A Better Way To Recall
A Better Way To Recall
Here's a good idea: The Center for Science in the Public Interest thinks that supermarkets should use the data they collect through discount cards to alert consumers that they may have purchased tainted food.
The cards are used for all kinds of marketing purposes. Adding customer notification to the mix shouldn't be very expensive, and it could actually save lives.
Some chains are already doing it, the Associated Press reports. They include Costco, Wegman's Food Markets, and Price Chopper. A Costco executive told the AP that the data it collects "allows us the ability to almost laser-point to an item and when it was purchased." The chain has used prerecorded phone calls and letters to reach more than 1.5 million customers who purchased tainted products.
Because Costco is a members-only grocer, information on purchases is collected for every one of its customers. That's not so for other chains, but for many, like Safeway, a huge percentage of customers use the cards, which means that most of them could easily be notified of recalls.
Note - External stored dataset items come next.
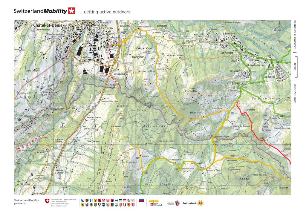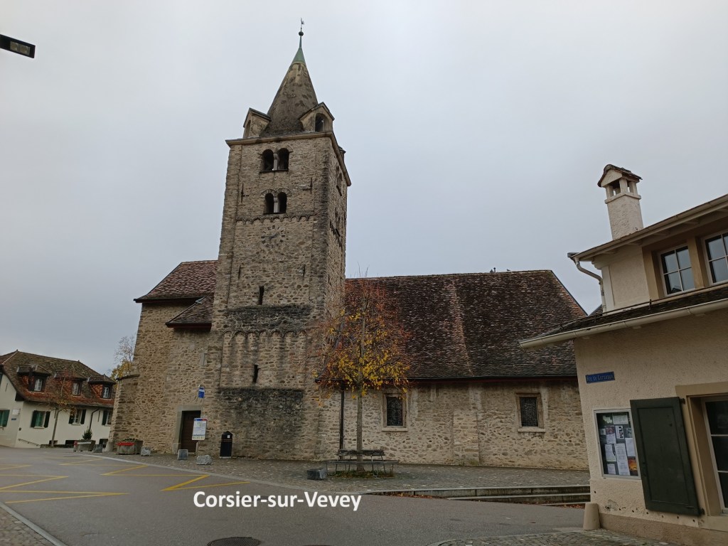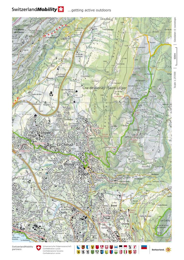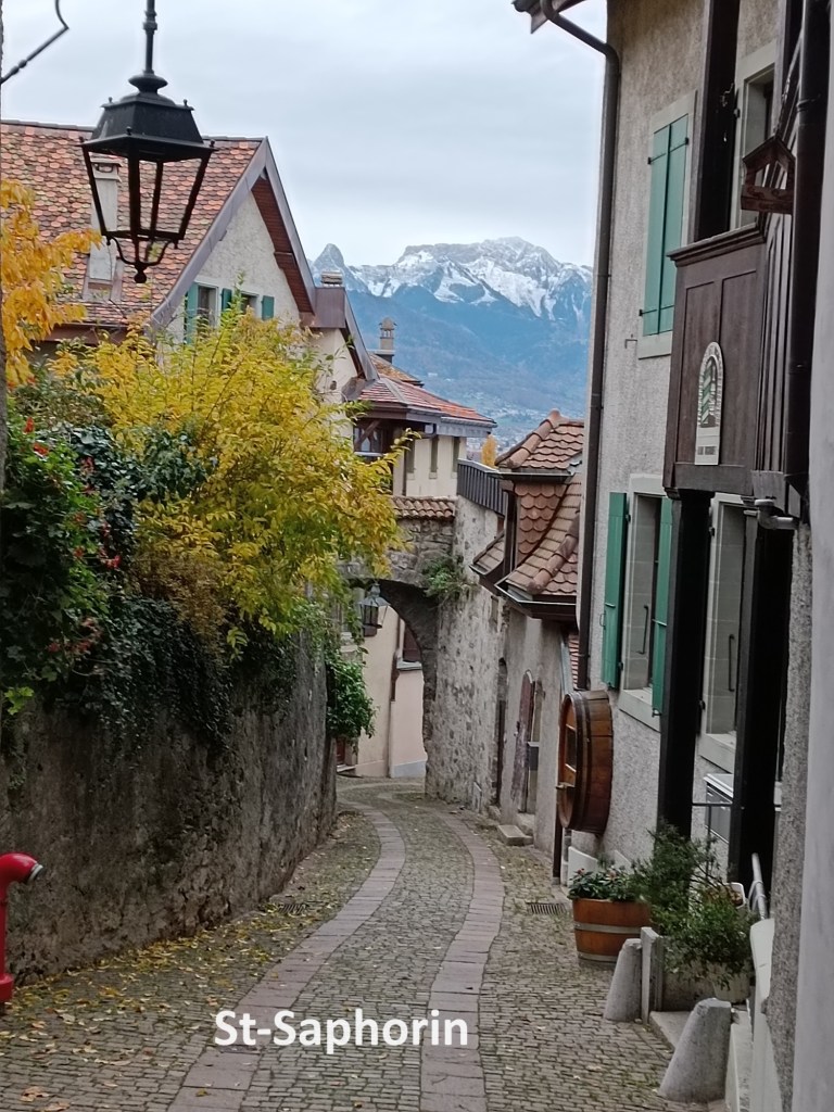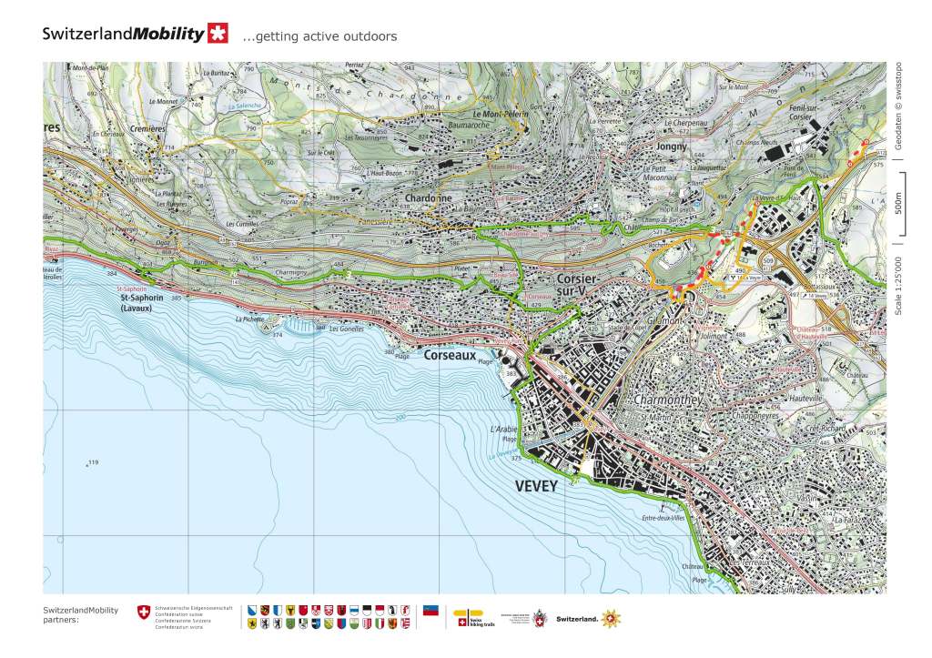 I followed the trail on westward from Blonay. It more or less follows the railway line as far as St-Legier, and then takes to the roads, crossing a motorway to get the to valley of La Veveyse. There, the trail takes to the woods and goes south. The standard route is blocked due to maintenance work, and the alternative effectively takes three sides of a rectangle to get to the other side of Corsier. I chose a different route, going directly into Corsier, and meeting up with the Swiss Via Francigena near the centre of the village. I followed that route on westwards and the Alpine Panorama trail rejoined the Via Francigena just a little west of Corsier.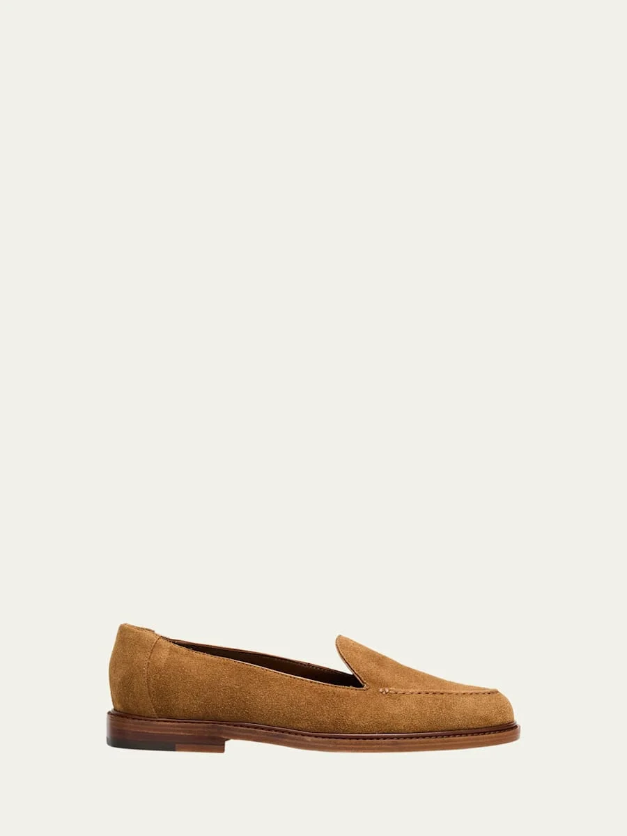 Manolo Blahnik "Maxy" loafers in suede 0.25 in / 10mm flat heel Round toe Notched vamp Slip-on style Leather outsole Goat leather lining Made in Italy Online Inquiries: BGS21_X6WMD| Store Inquiries: #5025814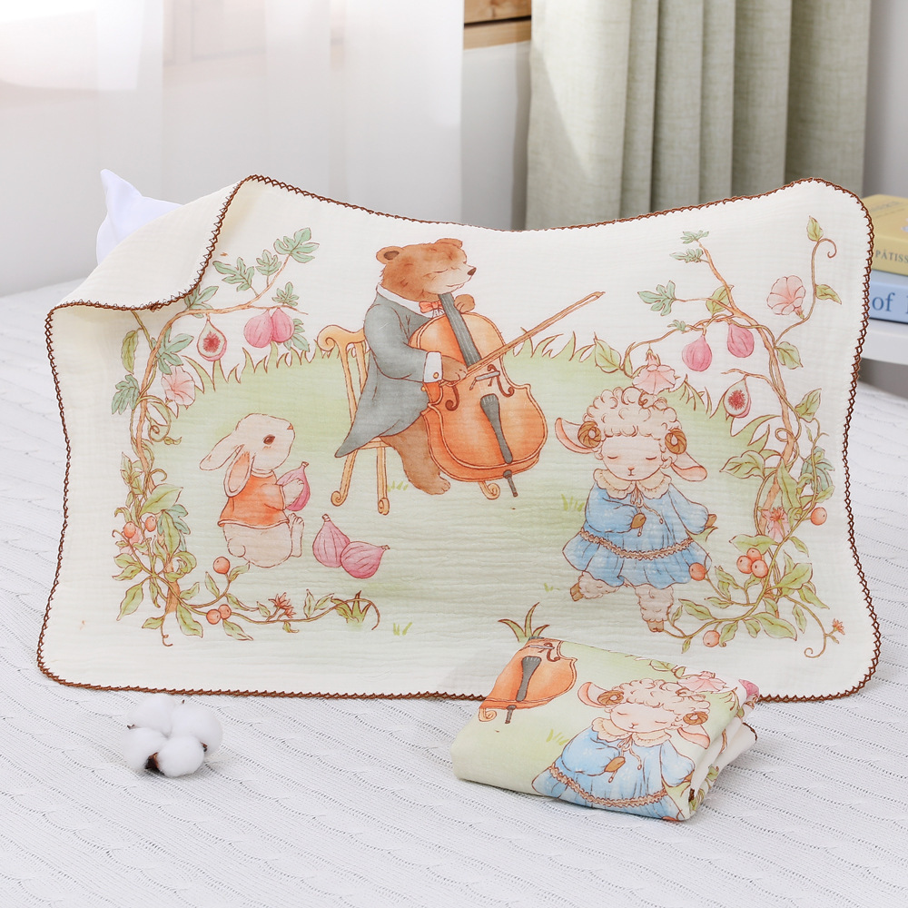 子供用枕カバー6層ガーゼ漫画枕タオル赤ちゃんガーゼ綿枕カバー柔らかい快適吸汗通気性枕タオル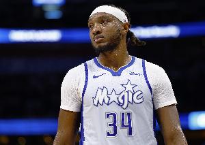 體育資訊4月16日訊 附加賽上半場(chǎng),魔術(shù)客場(chǎng)55-59落后76人4分。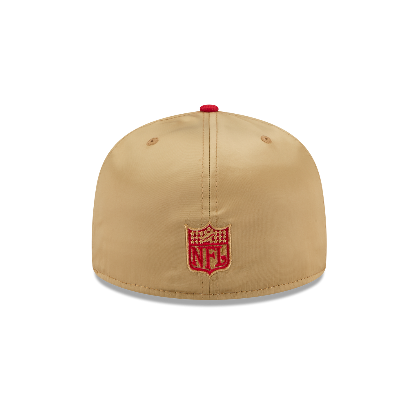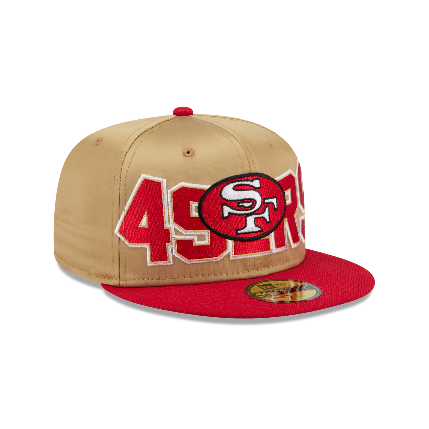 The San Francisco 49ers Bold Satin 59FIFTY Fitted Cap features an embroidered satin 49ers Historic graphic at the front panels with a satin fabrication throughout. Additional details include a matching NFL Shield logo at the rear and a gray undervisor.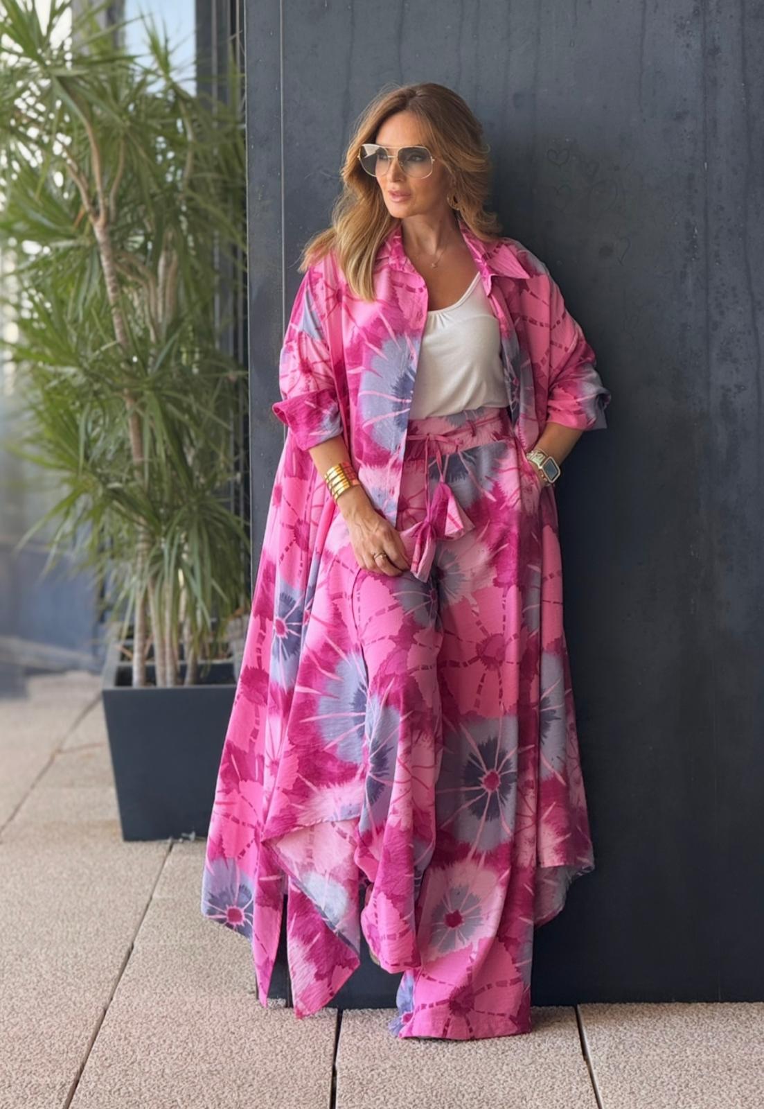 O conjunto Velvet é a definição de versatilidade e elegância. Composto por um camiseiro comprido de manga 3/4 com lapela, que pode ser usado aberto ou fechado como vestido, e umas calças pantalonas fluidas com cinto no mesmo tecido. O estampado floral em ambas as peças cria um coordenado harmonioso, moderno e sofisticado, perfeito para diferentes ocasiões.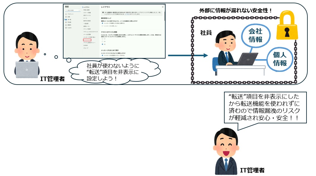 Outlook on the web (OWA) の転送設定を非表示にする方法 内で公開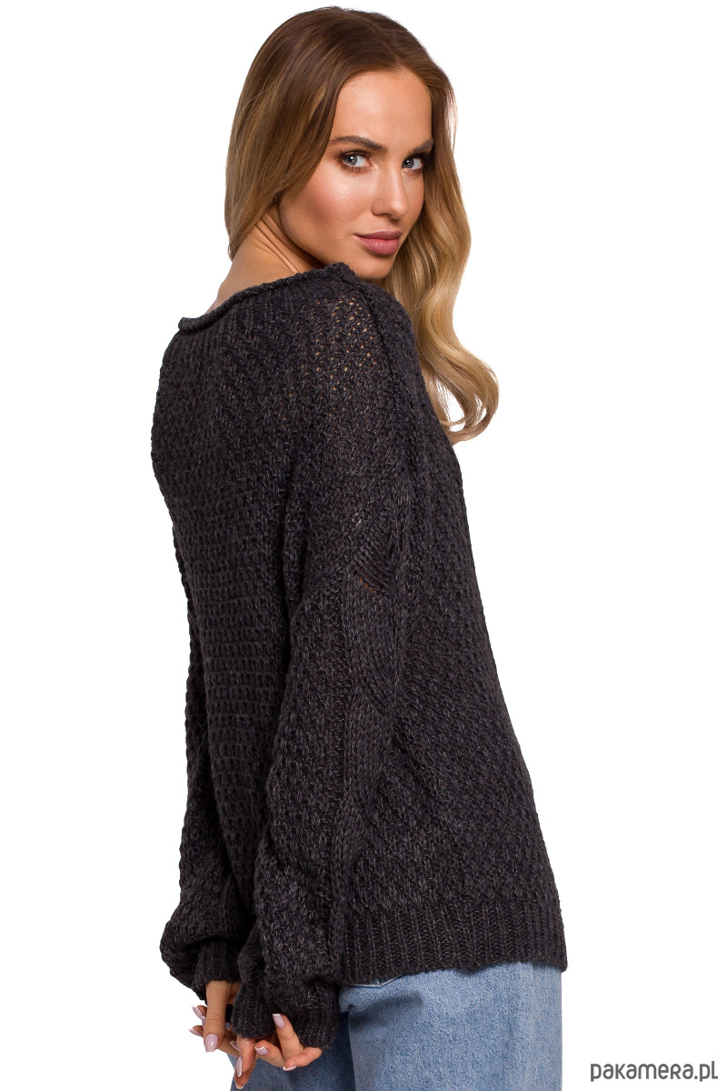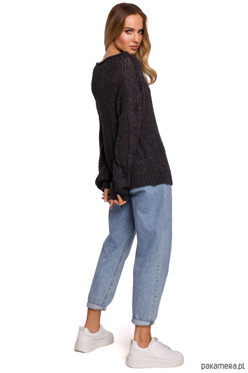 Niezwykle kobiecy, ażurowy sweter dodatkowo zdobiony wyjątkowo atrakcyjnym splotem na przodzie. Wykonany został z najwyższą dbałością o detale. Posiada dwa długie, luźne rękawy zakończone mankietami oraz wysoki, zabudowany dekolt. Sweter sięga do pasa i doskonale łączy się z jeansami z wysokim stanem.

But Safeway is among the chains that, the AP reports, "have doubts" about making notification a chainwide policy. "We've done this in the past, but only when a single store is involved in a recall," said Safeway spokesman Brian Dowling.
While making notification a routine part of discount-card programs is an excellent idea, it must be kept in mind that recalls often come well after an outbreak of foodborne illness has occurred. It wouldn't help people who consume a tainted product before a recall, as most of the more than 500 people who recently ate tainted peanut butter did.
Thankfully, the center, though it said grocers have an "obligation" to deploy such a program, did not call for it to be be enacted into law.